Change management processes must be implemented, strictly adhered to, and enforced. This must be mandated by the most senior level of management possible. ITIL (Information Technology Infrastructure Library) provides a framework for better managing IT, and includes some best practices in regards to change management.
New technologies such as SANs (storage area networks), fibre channel, networking, high availability disk arrays, and various disk virtualization and management products provide the means to bring customized hot-site solutions to organizations that would not have been able to afford these solutions in the past. In fact, many can’t afford not to implement these types of solutions.
The cost of implementing in-house hot-site solutions has decreased dramatically. The cost per megabyte of storage, along with the relative cost of bandwidth between two sites is at a level where this type of solution is becoming more palatable financially every day.
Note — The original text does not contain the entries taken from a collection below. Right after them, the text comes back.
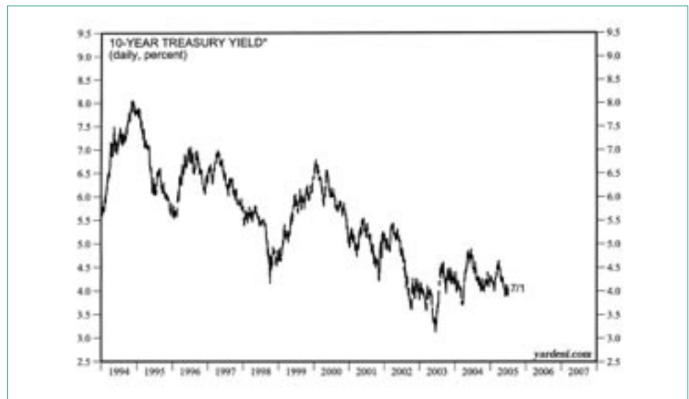
Chart reprinted with the permission of www.yardeni.com .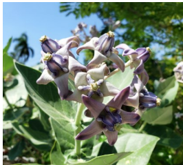
Giant Milkweed Calotropis gigantea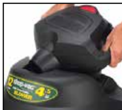
Detachable blower, quick and easy

Accessories: 7' (2.1 m) x 1 1 / 4 " (3.2 cm) Lock-On® hose, (3) 1 1 / 4 " (3.2 cm) extension wands, 10" (25.4 cm) wet/dry nozzle, (1) 2 1 / 2 " (6.4 cm) extension wand, concentrator nozzle, blower nozzle, tool holder, foam sleeve and ProLong® cartridge filter.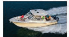
Freedom 335 (2015-)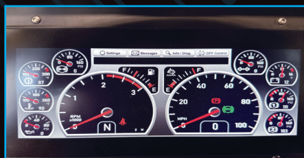
Digital dash display

In fact, the cost of most computer hardware products has been dropping steadily over the past few years. “Throwing hardware” at a solution can often be more cost effective, less time consuming, and less complex than having people develop, implement, maintain, and manage complex recovery solutions.
Leveraging internal test and development environments for disaster recovery purposes is also a viable alternative. The equipment typically used for testing can also be used in a disaster scenario. But be very careful when implementing a multi-function environment such as this. Very strict rules of engagement and change management must be deployed to ensure that one objective does not negatively affect the other. Again, strong management is a key to successfully implementing this type of strategy.
The Bottom Line
The benefits of implementing mirrored site solutions go far beyond mere recovery capabilities. Other benefits can include cost savings, reliability, centralized management, scalability, decreased maintenance windows, performance and security.
In these ever changing times, we as professionals must be vigilant in protecting the organizations for which we work. Perhaps now more than ever is a good time to review the processes, procedures and tools we employ to guarantee the continued viability of our businesses. It is difficult to keep up with technological changes and advancements, but not investigating the possibilities, and making false assumptions about the viability and affordability of new and better recovery and continuity capabilities, is the biggest risk of all. “We have always done it this way” is not a convincing argument to why we are doing things in a specific way today.
Andre Noenchen currently works for Infostream Technologies Inc. as a senior consultant, specializing in the design and implementation of high availability SAN-based infrastructures.